[EXERCISE DATA — start]

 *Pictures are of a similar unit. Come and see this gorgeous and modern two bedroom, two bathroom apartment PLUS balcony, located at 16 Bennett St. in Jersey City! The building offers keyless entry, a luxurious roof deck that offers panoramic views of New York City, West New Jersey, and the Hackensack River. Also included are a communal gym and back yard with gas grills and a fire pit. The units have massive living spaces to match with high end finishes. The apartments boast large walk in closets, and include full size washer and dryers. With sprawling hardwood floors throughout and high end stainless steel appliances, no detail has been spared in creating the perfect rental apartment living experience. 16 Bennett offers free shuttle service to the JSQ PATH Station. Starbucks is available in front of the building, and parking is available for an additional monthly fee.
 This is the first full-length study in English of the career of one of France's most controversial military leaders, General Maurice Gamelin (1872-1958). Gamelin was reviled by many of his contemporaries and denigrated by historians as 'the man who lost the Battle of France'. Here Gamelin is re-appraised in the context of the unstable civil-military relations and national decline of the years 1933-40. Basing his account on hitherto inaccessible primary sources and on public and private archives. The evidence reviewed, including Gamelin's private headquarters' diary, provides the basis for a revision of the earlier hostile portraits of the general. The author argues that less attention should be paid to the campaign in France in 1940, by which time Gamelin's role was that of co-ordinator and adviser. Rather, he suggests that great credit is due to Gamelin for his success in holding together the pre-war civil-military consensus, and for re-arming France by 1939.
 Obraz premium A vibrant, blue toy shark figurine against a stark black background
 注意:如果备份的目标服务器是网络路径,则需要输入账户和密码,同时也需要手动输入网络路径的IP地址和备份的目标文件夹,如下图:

[EXERCISE DATA — finish]
[EXERCISE DATA — start]

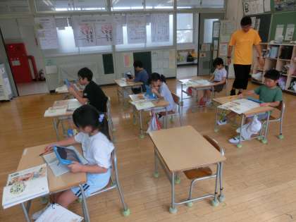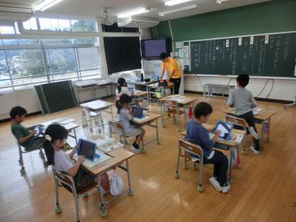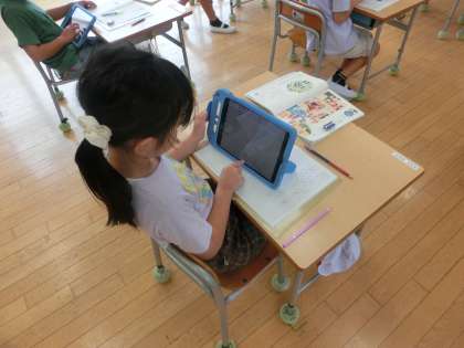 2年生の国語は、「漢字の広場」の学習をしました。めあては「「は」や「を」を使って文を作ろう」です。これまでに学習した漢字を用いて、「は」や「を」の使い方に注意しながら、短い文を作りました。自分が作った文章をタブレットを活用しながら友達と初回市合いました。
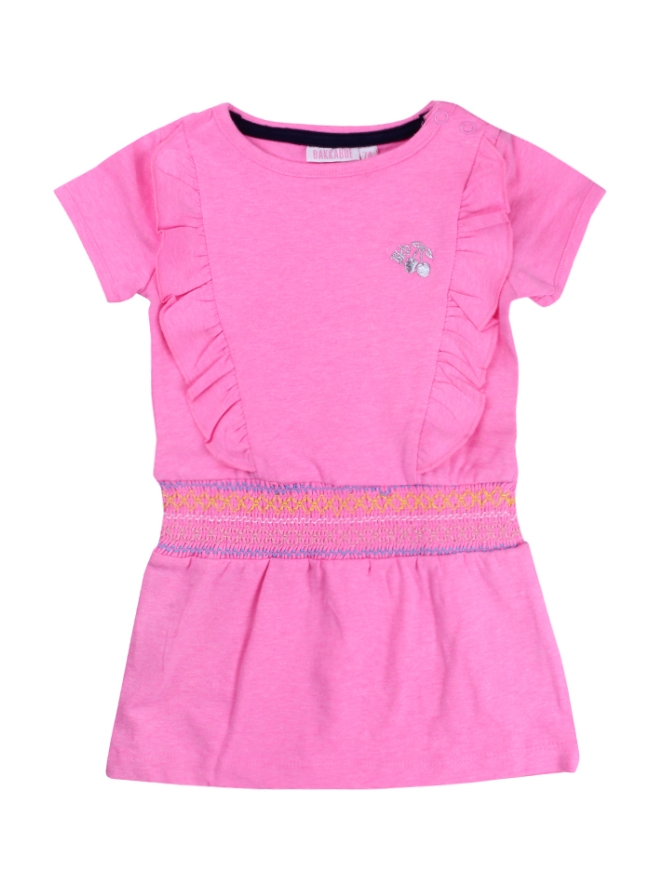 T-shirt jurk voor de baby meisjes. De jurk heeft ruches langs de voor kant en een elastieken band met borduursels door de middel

[EXERCISE DATA — finish]
[EXERCISE DATA — start]

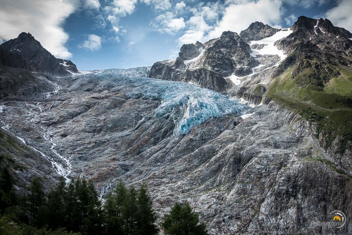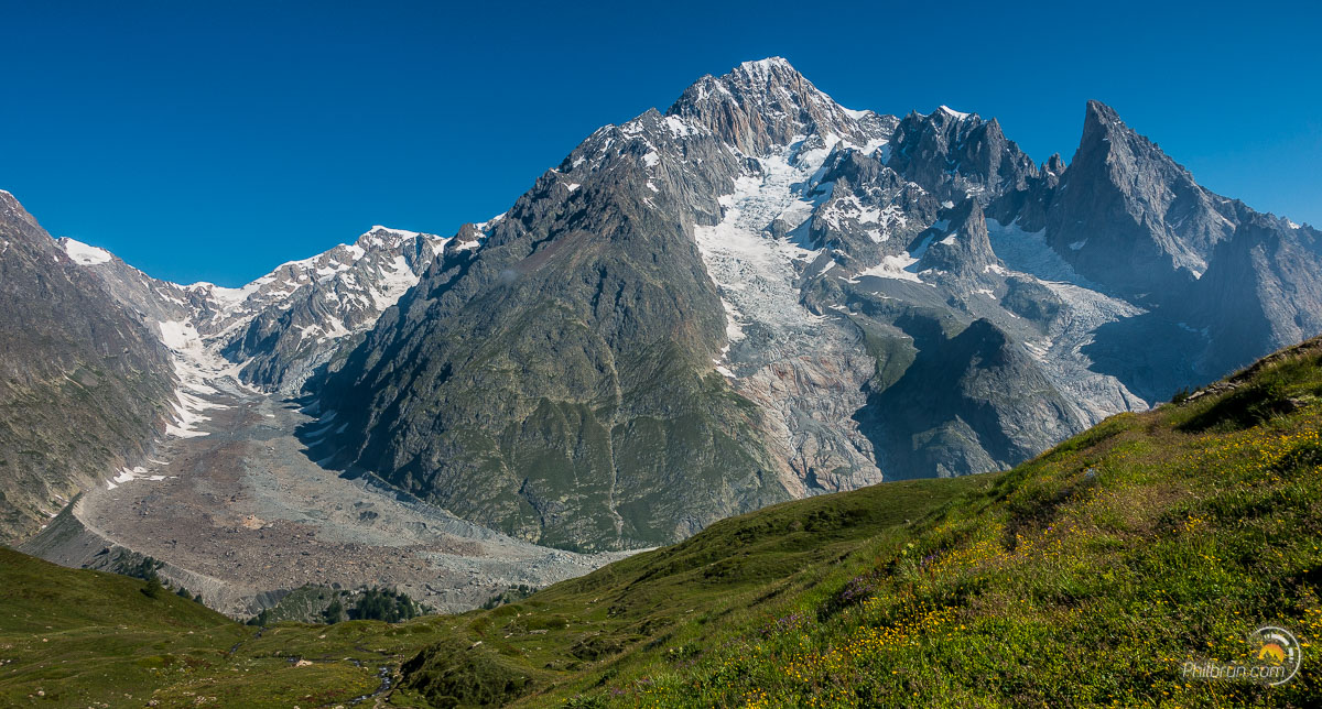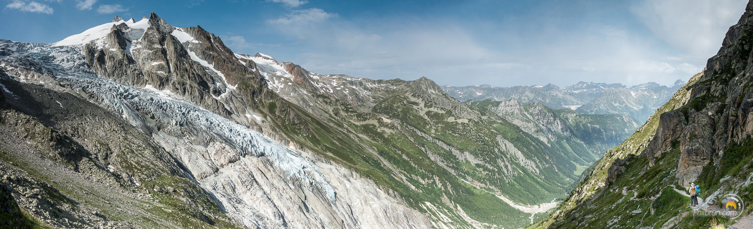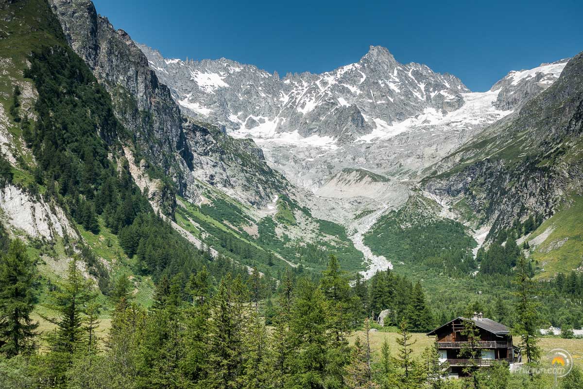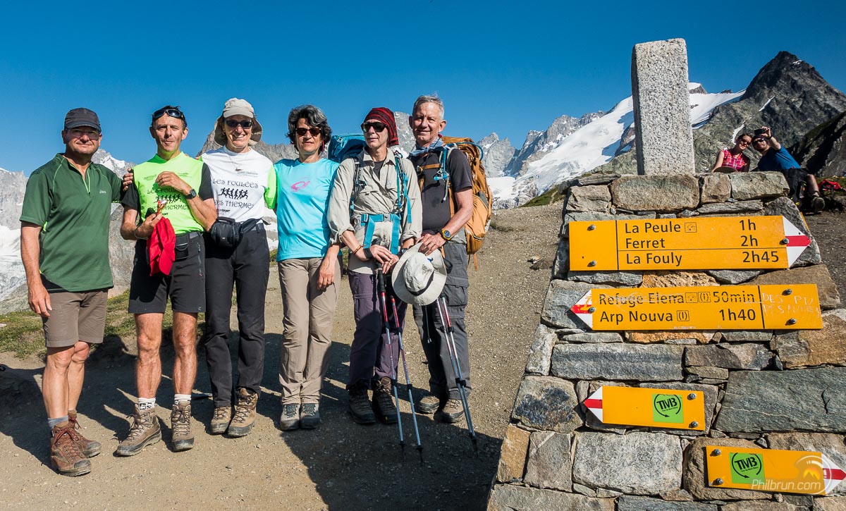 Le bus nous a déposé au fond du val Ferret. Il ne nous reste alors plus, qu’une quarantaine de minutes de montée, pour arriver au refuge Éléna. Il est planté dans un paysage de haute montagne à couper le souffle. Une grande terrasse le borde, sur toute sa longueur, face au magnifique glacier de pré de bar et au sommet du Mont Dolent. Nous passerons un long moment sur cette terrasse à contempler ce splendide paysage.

[EXERCISE DATA — finish]

**EXERCISE**
Using the data above, print only the lines starting at the one with "2年生の国語は、「漢字の広場" and ending at the one with "T-shirt jurk voor", exactly as they stand, minus the pictures.

**ANSWER TO THIS EXERCISE**
 2年生の国語は、「漢字の広場」の学習をしました。めあては「「は」や「を」を使って文を作ろう」です。これまでに学習した漢字を用いて、「は」や「を」の使い方に注意しながら、短い文を作りました。自分が作った文章をタブレットを活用しながら友達と初回市合いました。
 T-shirt jurk voor de baby meisjes. De jurk heeft ruches langs de voor kant en een elastieken band met borduursels door de middel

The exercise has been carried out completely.